International career
Moisés played one game for the Brazilian team, against the Soviet Union, on June 21, 1973, at Luzhniki Stadium, Moscow.

Managerial career
After retiring, Moisés started a managerial career. He was Bangu's head coach when the club finished as the Campeonato Brasileiro Série A runner-up in 1985, as well as that year's Campeonato Carioca runner-up. Besides managing Bangu, he was also manager of several other clubs, such as Santa Cruz, Ceará, Atlético Mineiro, América and Belenenses, of Portugal. In 2008, he worked as Cabofriense's management coordinator.

Death
Moisés died on August 26, 2008, in Rio de Janeiro, of lung cancer.

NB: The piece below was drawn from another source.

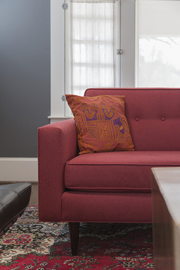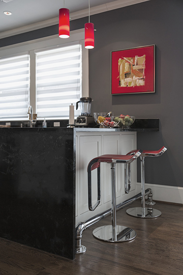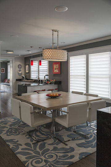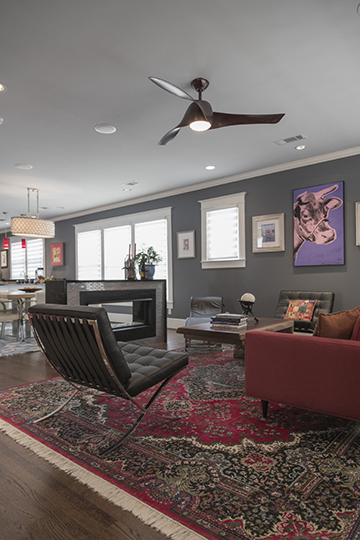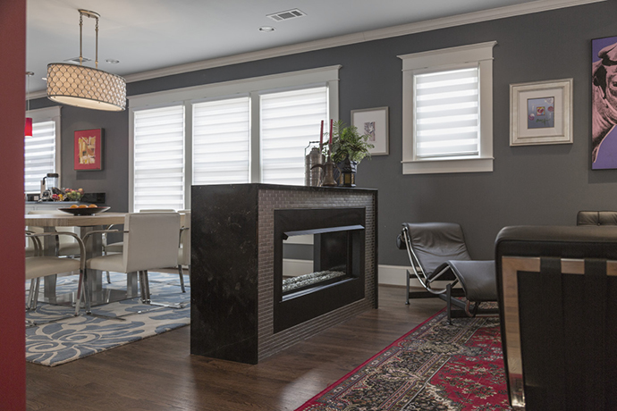 The homeowners frequently entertain, and their sitting room offers a space that is inviting and comfortable yet modern. A ventless fireplace separates the sitting room from the dining room. Photo by Jeanine Michna-Bales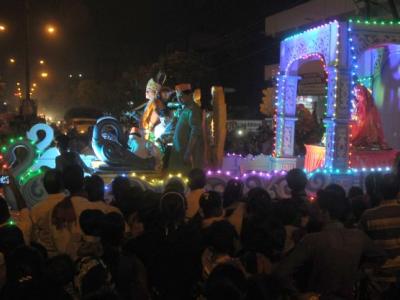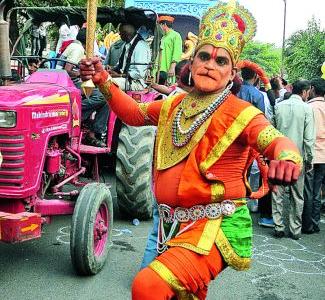 राम लक्ष्मण संग जानकी, जय बोलो हनुमान की..., एक मुखाने बोला, बोला जय जय हनुमान... अशा पवनपुत्राचे गुणगान करणाऱ्या भजनांच्या गजरात हनुमान जनमोत्सवनिमित्त नागपूरच्या राजाबाक्षाच्या हनुमान मंदिरातून भव्य शोभायात्रा काढण्यात आली.

He was buried at Cemitério São João Batista, in Botafogo neighborhood, Rio de Janeiro.

Career honors
Moisés won the following competitions during his playing career:

References

1948 births
2008 deaths
Deaths from lung cancer
Deaths from cancer in Rio de Janeiro (state)
People from Resende
Association football defenders
Brazilian footballers
Brazil international footballers
Brazilian expatriate footballers
Expatriate footballers in France
Brazilian football managers
Bonsucesso Futebol Clube players
CR Flamengo footballers
Botafogo de Futebol e Regatas players
CR Vasco da Gama players
Sport Club Corinthians Paulista players
Paris Saint-Germain F.C. players
Fluminense FC players
Bangu Atlético Clube players
Bangu Atlético Clube managers
Santa Cruz Futebol Clube managers
Ceará Sporting Club managers
Clube Atlético Mineiro managers
America Football Club (RJ) managers
C.F. Os Belenenses managers
Associação Desportiva Cabofriense managers
Campeonato Brasileiro Série A players
Ligue 1 players
Campeonato Brasileiro Série A managers
Sportspeople from Rio de Janeiro (state)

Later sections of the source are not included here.